Conservatives of all shades seem resigned to being in opposition after the next General Election. Apart from minimising losses by trying to trip up Kier Starmer, what is the strategy ? What are they thinking about the future, and are there any useful potential implications for other parties ?

The idea gaining traction amongst some senior Conservatives is that, since the economic fundamentals are so bad, conditions for almost all of the population will continue to deteriorate during 2024 and 2025. 

Therefore it is better to get Starmer and the Labour Party into government as early as politically possible. The logic goes that after six months or so, high expectations of a Labour government will lead to disappointment, and Labour will start to be blamed … initially for not reversing the decline, but then gradually for the decline itself.

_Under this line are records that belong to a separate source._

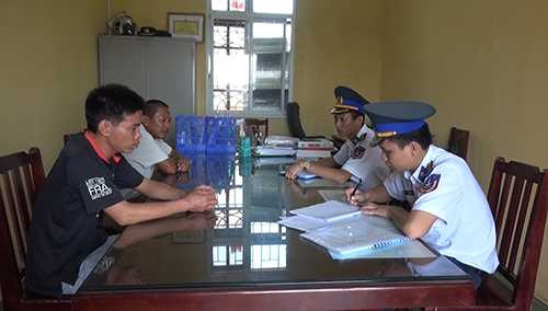 | 2 đối tượng (bên trái) chở dầu lậu tại cơ quan CSB lấy lời khai phục vụ công tác điều tra làm rõ |
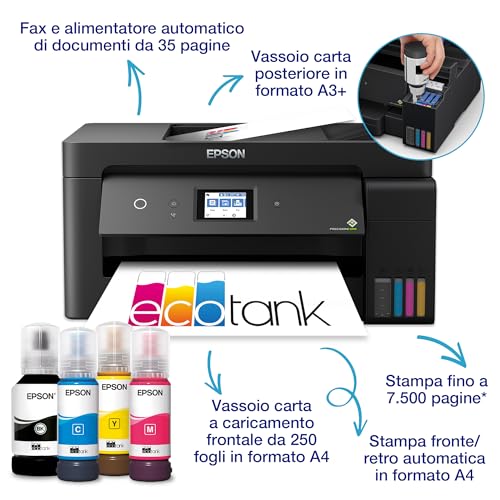 Epson EcoTank ET 15000 Stampante Multifunzione A4 e A3(Stampa, Copia, Scansione), Alimentatore automatico di documenti AirPrint, Serbatoi Flaconi Alta Capacità, Fronte/Retro, Nero : Epson: Informatica
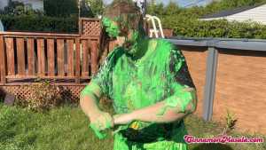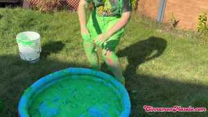 | Naked and in the bath, I have some lovely thick green gunge ready just for my curvy body. I pour it over my feet, and body, and bathe in the thickness of it before spreading my legs wide and play with myself until I cum. Starring: | ||||

Adding to this idea amongst some Conservatives is the view that a Starmer-led Labour Government, boxed in by right wing authoritarian factions, public sector trade unions, Corbyn supporters, and ‘internationalised’ donors, is not in a position by itself to work out how to manage the continuing decline, let alone reverse it. This will result in a Starmer government relying heavily on Treasury and Bank of England officials to handle the worsening crisis; the same folk who have brought the UK to this point in the first place, it is claimed. 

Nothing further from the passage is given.